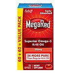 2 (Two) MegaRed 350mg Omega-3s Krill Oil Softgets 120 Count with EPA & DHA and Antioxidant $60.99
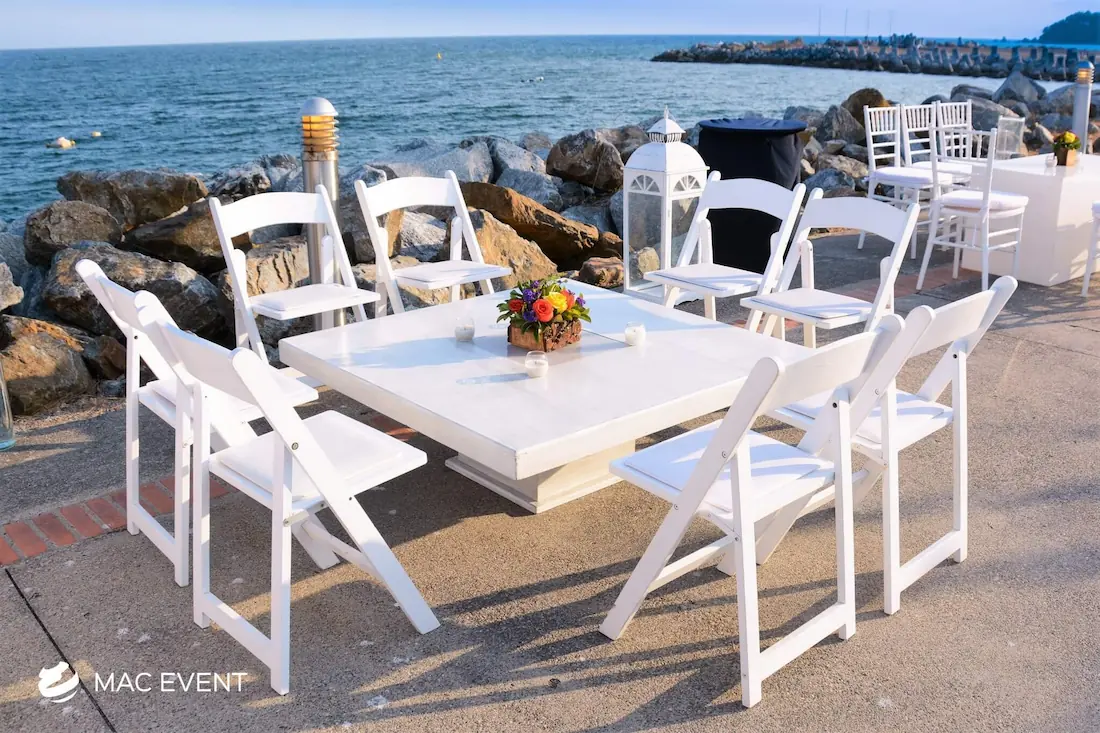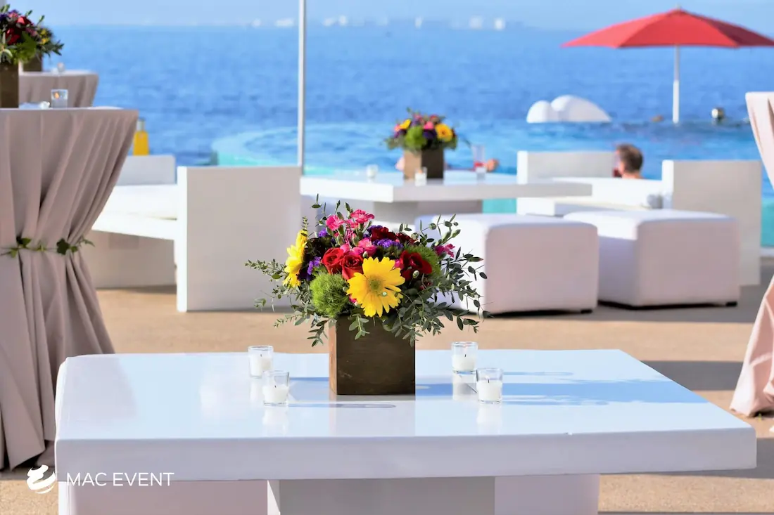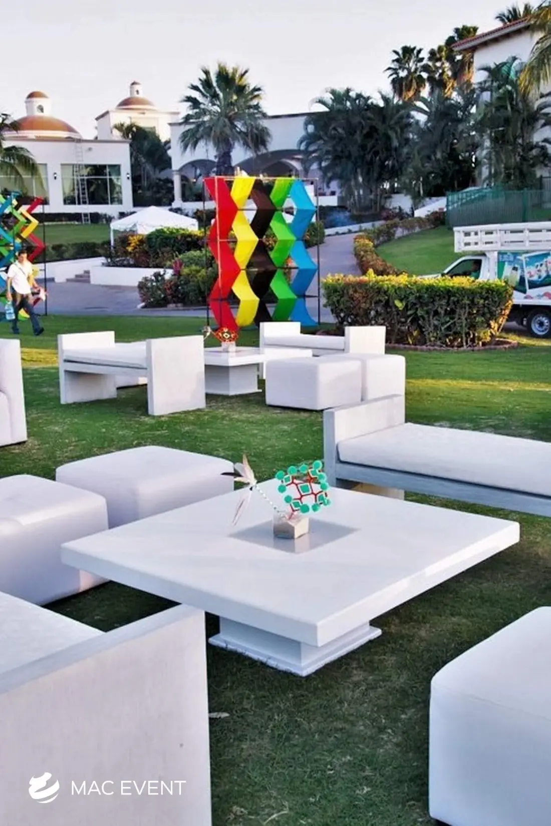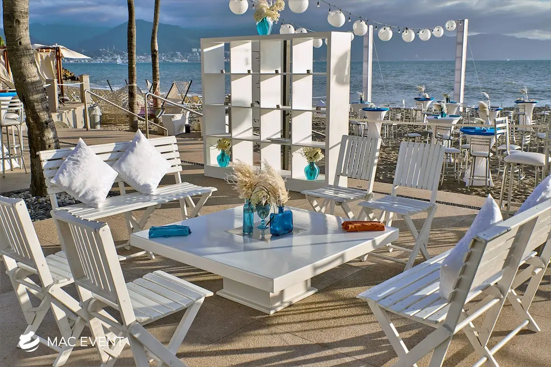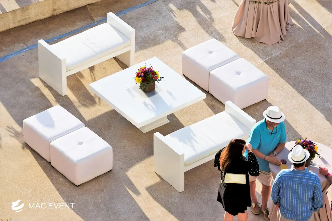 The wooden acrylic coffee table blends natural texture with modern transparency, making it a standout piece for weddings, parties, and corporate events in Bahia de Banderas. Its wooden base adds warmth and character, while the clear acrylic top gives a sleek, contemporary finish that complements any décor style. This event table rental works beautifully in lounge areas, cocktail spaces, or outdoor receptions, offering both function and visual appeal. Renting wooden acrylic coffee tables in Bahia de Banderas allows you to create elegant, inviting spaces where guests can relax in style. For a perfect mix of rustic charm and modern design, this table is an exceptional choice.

--

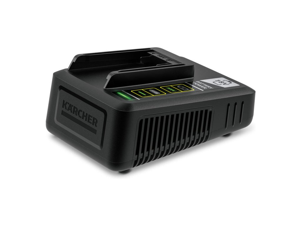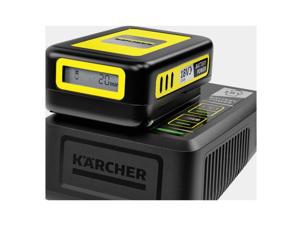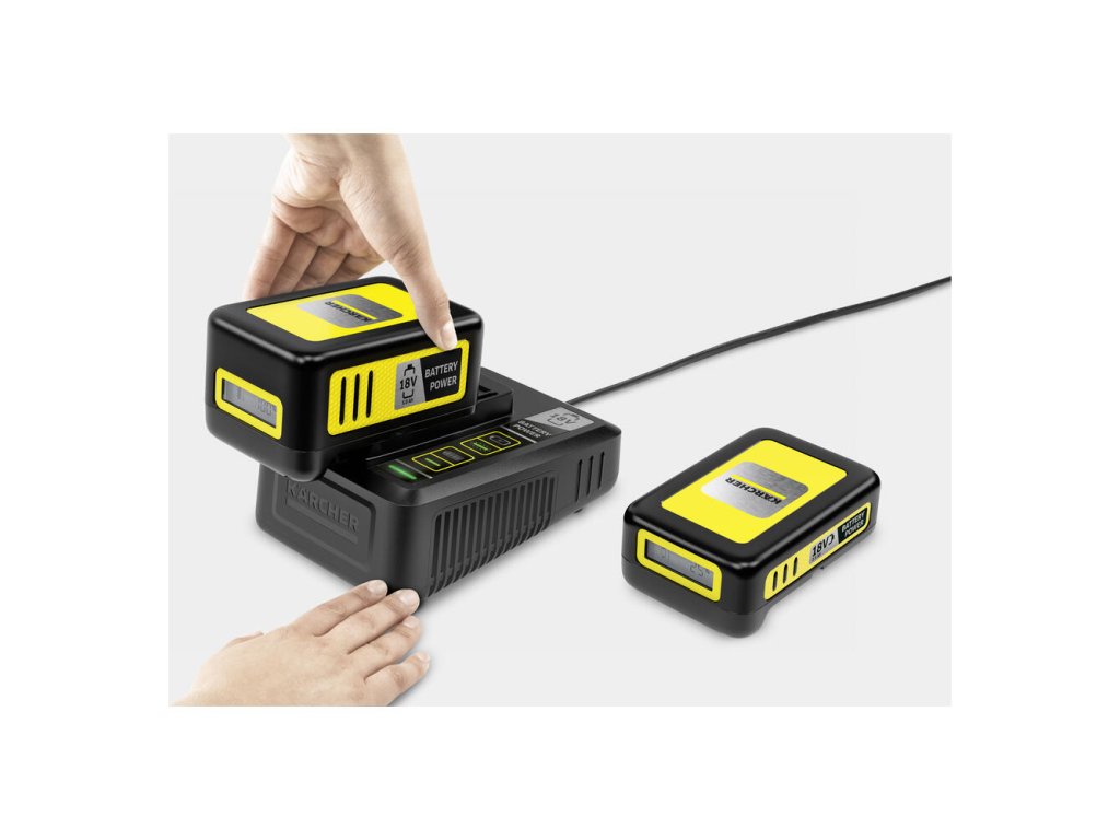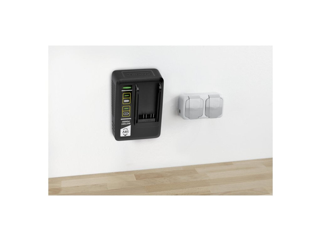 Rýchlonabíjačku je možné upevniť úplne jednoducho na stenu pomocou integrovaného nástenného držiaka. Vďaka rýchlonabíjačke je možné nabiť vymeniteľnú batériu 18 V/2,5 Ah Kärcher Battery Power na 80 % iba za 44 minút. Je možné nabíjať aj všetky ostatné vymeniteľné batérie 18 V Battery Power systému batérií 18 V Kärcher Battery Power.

__WHAT IS EXPECTED__. Return the material from the line containing "2 (Two) MegaRed" through the line containing "The wooden acrylic", exactly and in full, but without its pictures.

__TASK RESPONSE__.
 2 (Two) MegaRed 350mg Omega-3s Krill Oil Softgets 120 Count with EPA & DHA and Antioxidant $60.99
 The wooden acrylic coffee table blends natural texture with modern transparency, making it a standout piece for weddings, parties, and corporate events in Bahia de Banderas. Its wooden base adds warmth and character, while the clear acrylic top gives a sleek, contemporary finish that complements any décor style. This event table rental works beautifully in lounge areas, cocktail spaces, or outdoor receptions, offering both function and visual appeal. Renting wooden acrylic coffee tables in Bahia de Banderas allows you to create elegant, inviting spaces where guests can relax in style. For a perfect mix of rustic charm and modern design, this table is an exceptional choice.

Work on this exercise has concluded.